Imagine a microservice application consisting of dozens of continuously-deployed autonomous services. Each of the application’s constellation of services has its own repository, with a different versioning scheme and a different team continually shipping new versions.
Riddle me this: How can I tell the (whole) application’s version? Being that the change history is scattered among dozens of repositories, what’s the most efficient approach to keeping track of changes? And how do we manage application releases?

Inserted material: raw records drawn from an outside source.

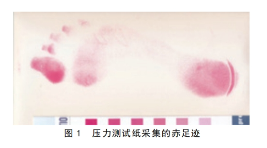 20 experimental subjects were randomly selected, each of whom walked normally on PressureFilms stress testing paper, extracted 4 naked footprints with the same foot and 4 leather footprints with the same foot. The footprints were magenta, and the images were entered into the computer with a scanner. The resolution was 300 pixels, and the scale and color card were placed when scanning.
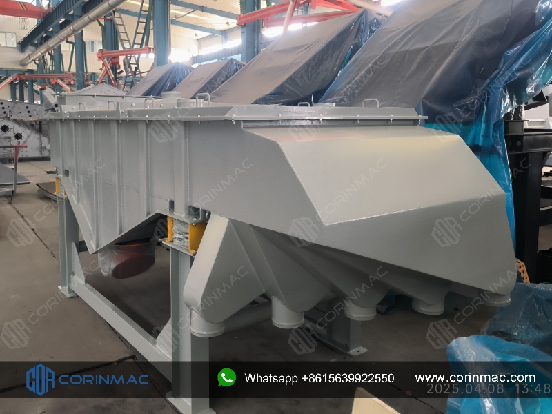 The material enters the sieve box through the feeding port, and is driven by two vibrating motors to generate the exciting force to throw the material upward. At the same time, it moves forward in a straight line, and screens a variety of materials with different particle sizes through a multilayer screen, and discharge from the respective outlet. The machine has the characteristics of simple structure, energy saving and high efficiency, and fully enclosed structure without dust overflow.
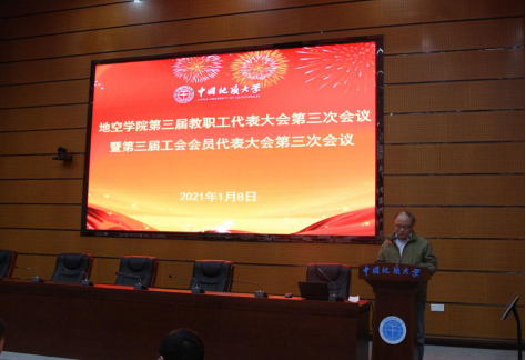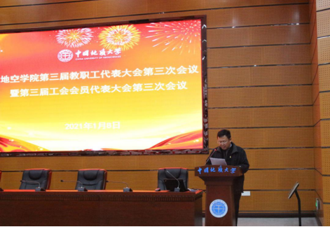 2021年1月8日下午16:30,地空学院在东区教学综合楼A0113召开第三届教职工代表大会第三次会议暨第三届工会会员代表大会第三次会议,党委常委、副校长刘勇胜、校工会副主席杨世清及学院全体教职工参加会议。会议由罗银河副院长主持。
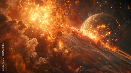 Fototapeta premium A dystopian solar planet experiencing the effects of a massive coronal mass ejection, with fiery explosions and atmospheric disturbances
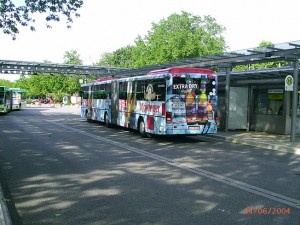 Die meisten Busse von denen haben Karlsruher Autokennzeichen. |
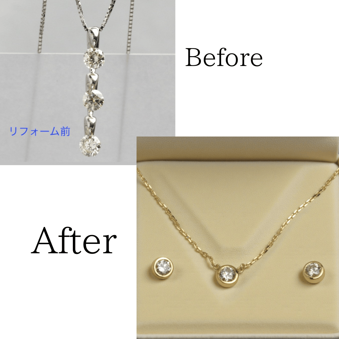 | リフォーム内容 | 3連ネックレスから、ペンダント・ピアスセットへ |
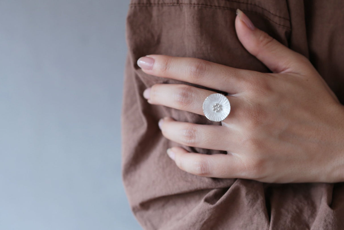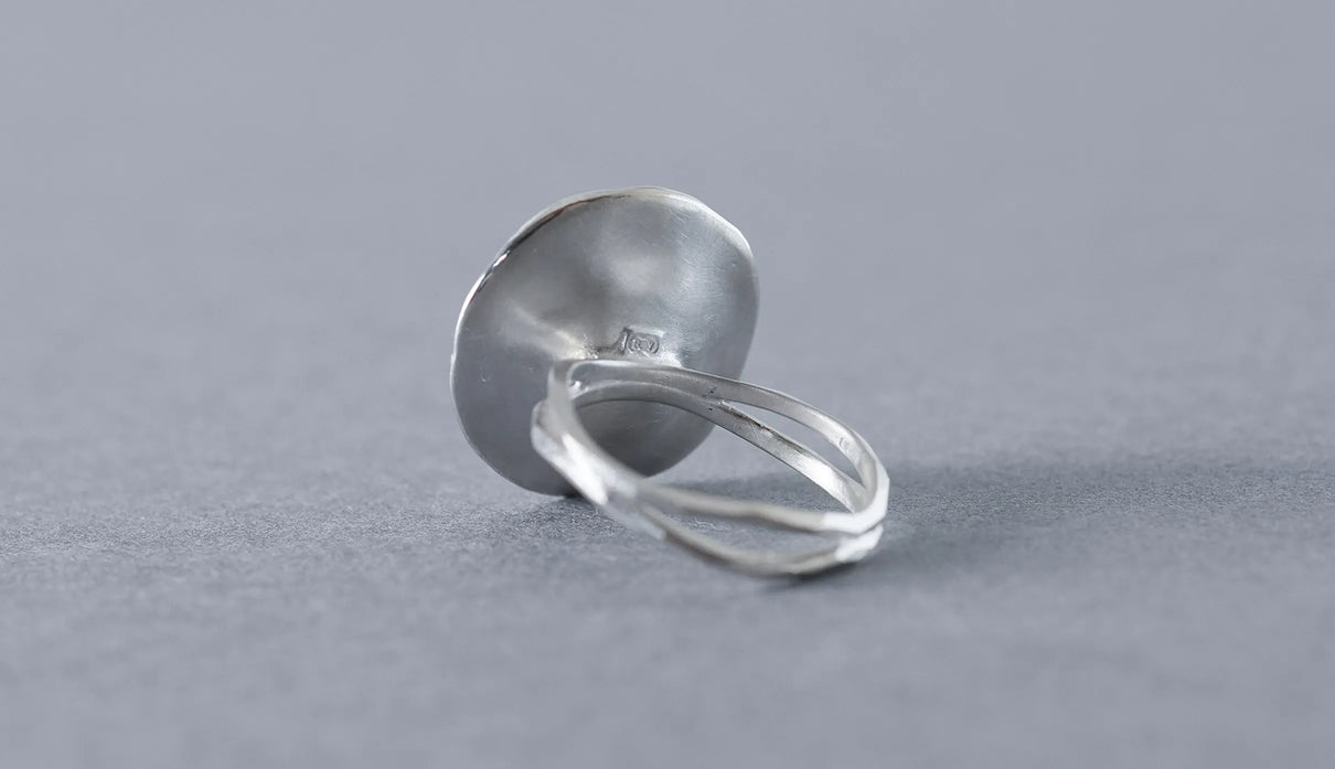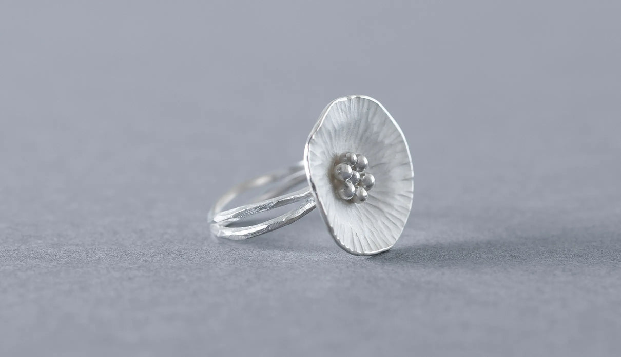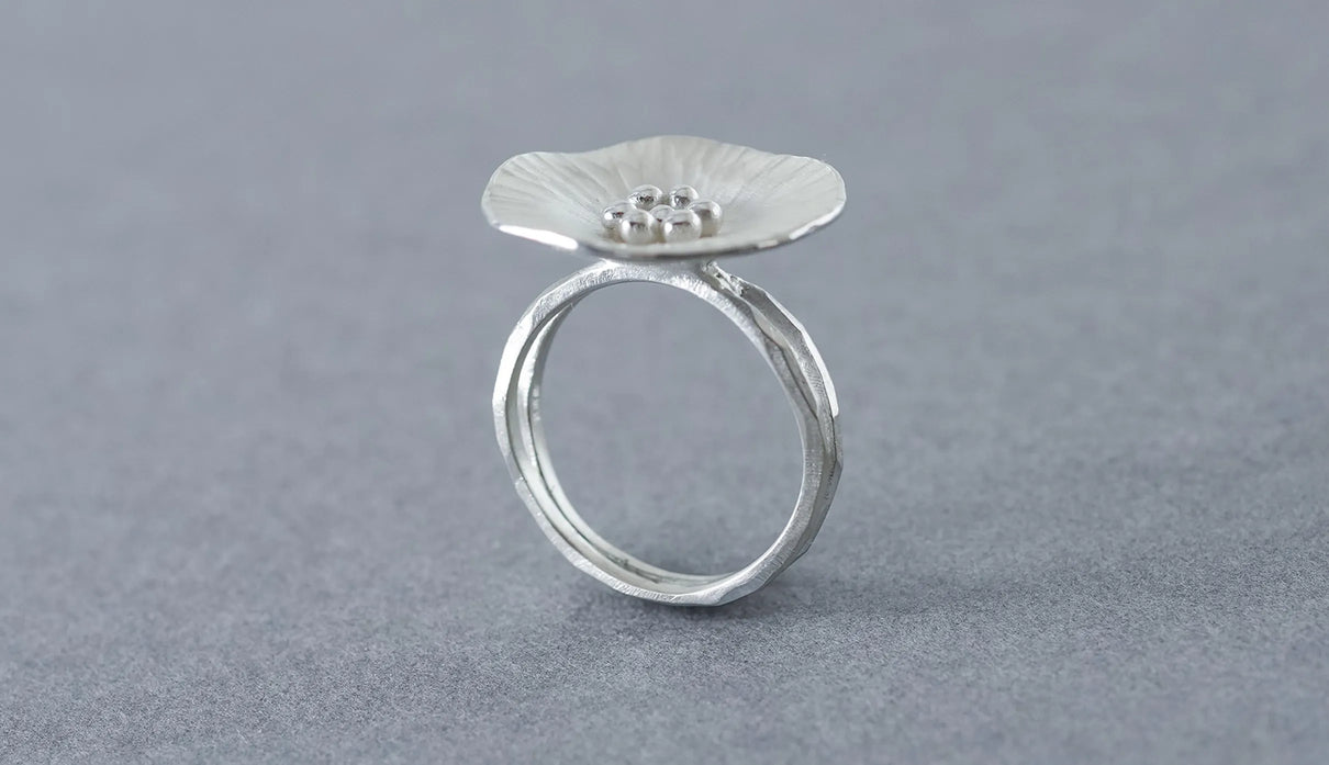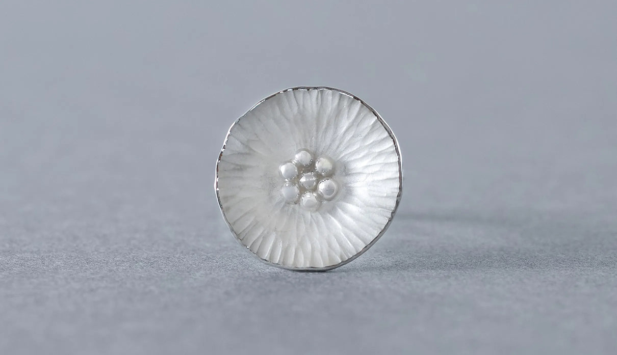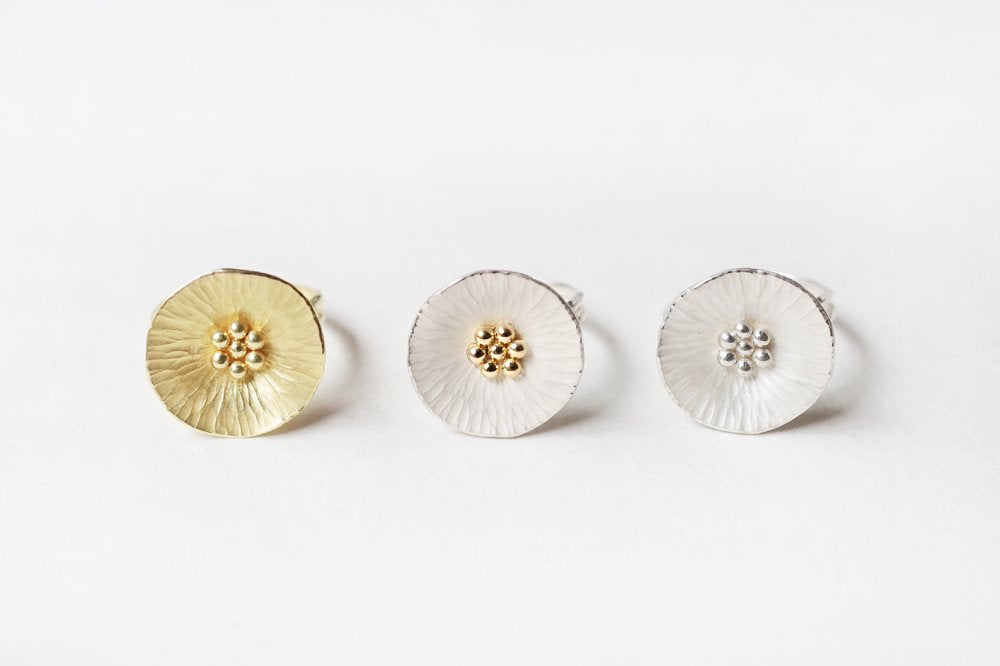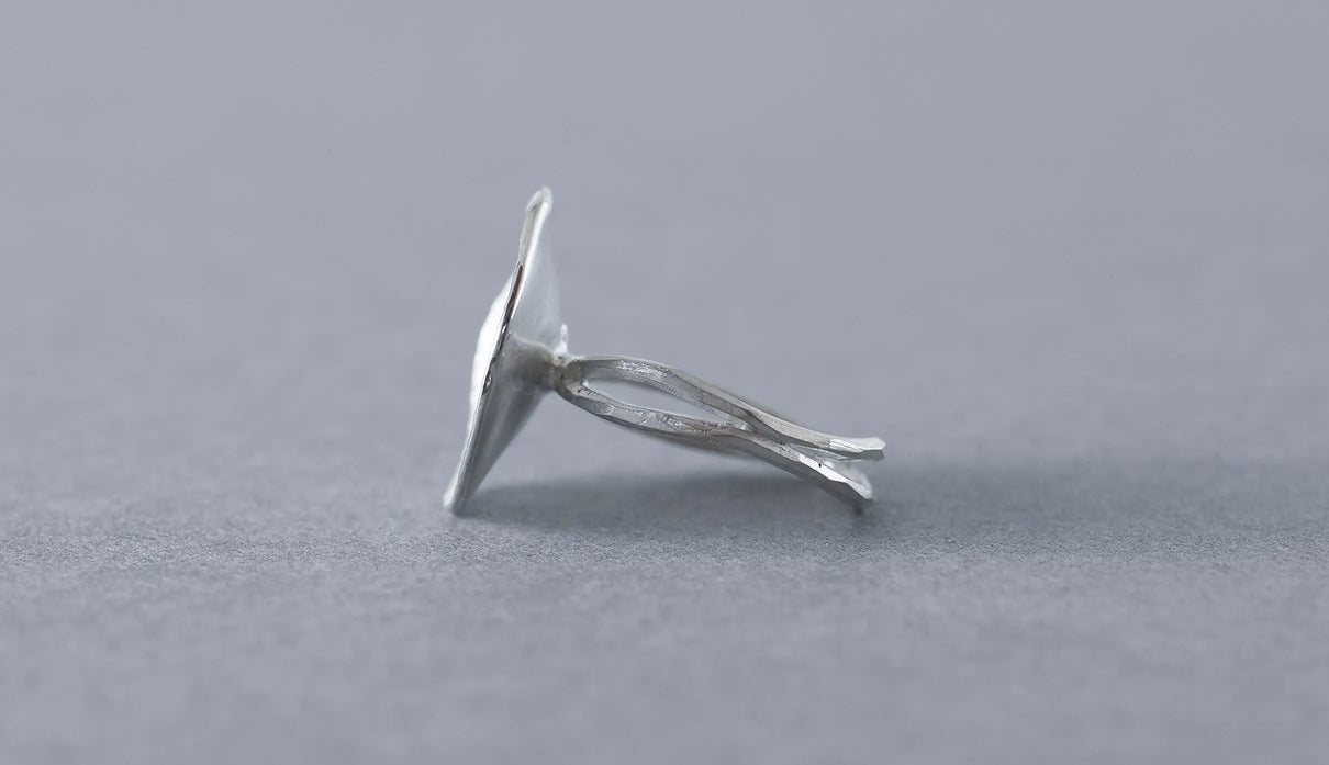 葉脈を連想させるお花のテクスチャーは一つ一つ叩いてつけており、それによって花びらは自然な存在感を放ちます。Silverの内側はマットな白い焼き色を残し、スモーキーな印象に。Mixはシルバーにきらりと艶めくK18の粒のコントラストが愛らしく、K18は品の良さが引き立ちます。2本に連なるリングの腕部分は、枝のように有機的な質感が美しくふわりとやさしい印象のリングです。
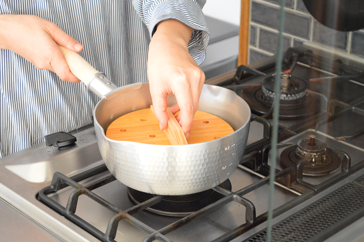 そのさわらで作られた落し蓋は、食材の熱を保ち、
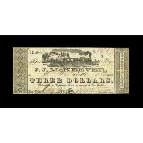 <B>New Orleans, LA- J.J. McKeever</B></I> $3 May 18, 1862<BR> A tough denomination from this scarce issuer. <B>Fine-Very Fine.</B></I><BR><I>From The Collection of a Louisiana Gentleman.</B></I><BR><BR><b>Shipping:</b> Coins & Currency (<a target="_blank" href="http://www.heritageauctions.com/common/shipping.php">view shipping information</a>)
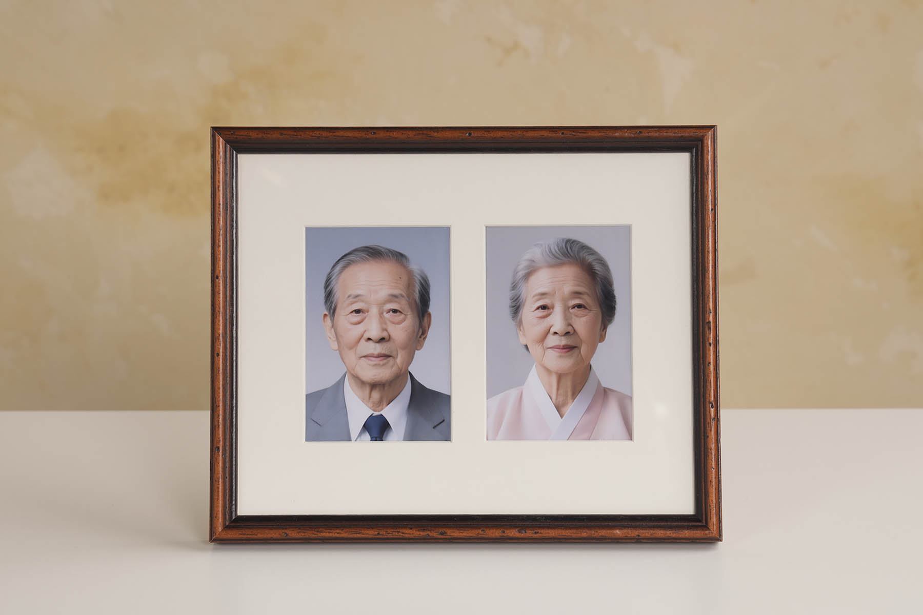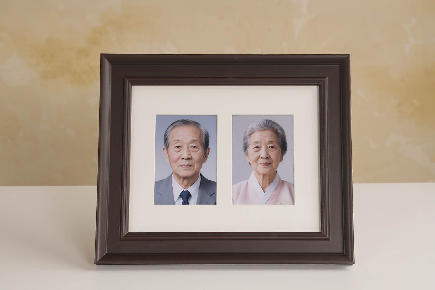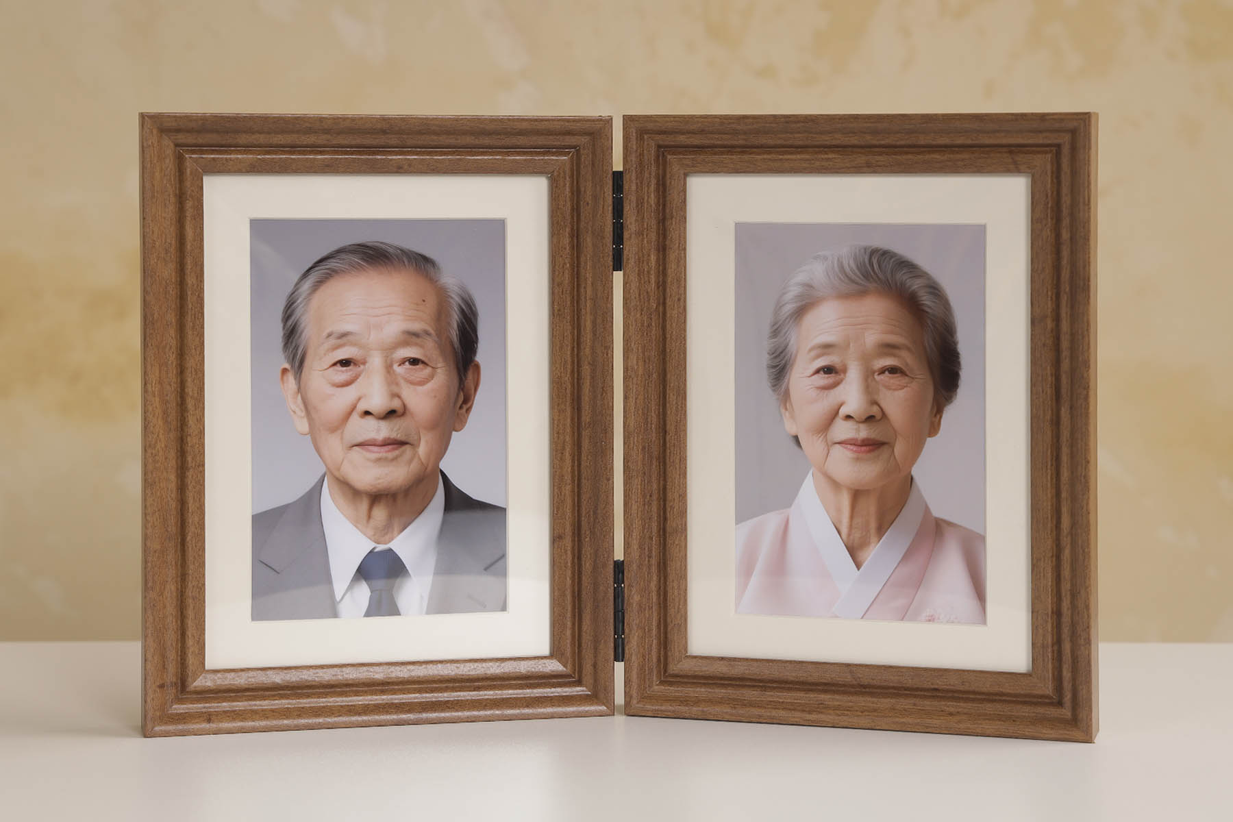 두 분의 사진을 한 액자에 함께 구성하거나 같은 디자인의 액자를 한 쌍으로 제작하여

Any team using microservice architectures, including ours at Semaphore, must deal with these questions. In this article, I’d like to look at a couple different ways to answer them.
A Common Approach: One Microservice, One Repository
The most common way to start out with a microservice architecture application is to use the multirepo approach:
The design is broken up into microservices.
A separate repository is created for each microservice (where the “multi” in multirepo comes from).
Each repository has an independent CI/CD pipeline to continuously deploy the microservice to production.
Let’s call this fine-grained form of continuous deployment a micro-deployment for lack of a better term. With micro-deployments, the microservice versions are bumped and applied independently, with little need for integration testing.
Micro-deployment is a side effect of organizing the code into multirepos. For reference, this is how we currently deploy microservices for Semaphore CI/CD.
Maintaining Multiple Releases
Continuous micro-deployments are ideal for hosted apps like Netflix or Semaphore CI/CD, where users or customers are unaware of (or uninterested in) individual microservice versions running behind the scenes.
Things, however, are very different for someone running the same on-premise application. Continuous deployments don’t work in this scenario. We’re back to release schedules, only in this case, a release consists of a bundle of microservices pinned at specific versions.
Of course, a private Airbnb doesn’t make sense, but a private CI/CD platform does. For instance, you can run a fully-functional version of Semaphore CI/CD behind your firewall with Semaphore On-Premise.
Micro-deployments to the hosted version of the application combined with releases for the on-premise instances of the product.
The steps needed to release an application organized into multirepos usually go like this:
In each repo, tag the versions of microservices that will go into the release.
For each microservice, build a Docker image and map the microservice version to the image tag.
Test the release candidate in a separate test environment. This usually involves a mix of integration testing, acceptance testing, and perhaps some manual testing.
Go over every repository and compile a list of changes for the release changelog before updating the documentation.
Identify hotfixes required for older releases.
Publish the release.
Considering that an application can consist of dozens of microservices (and repositories), it’s easy to see how releasing this way could entail a lot of repeated admin overhead.
Managing Releases With Monorepos
As we’ve seen, multirepos are better suited for continuous deployment than for periodical, non-continous releases. So, let’s see what happens on the other end of the spectrum, when we gather all the microservices into a shared repository. This is the monorepo approach, which companies like Google, Airbnb, and Uber have been using for years.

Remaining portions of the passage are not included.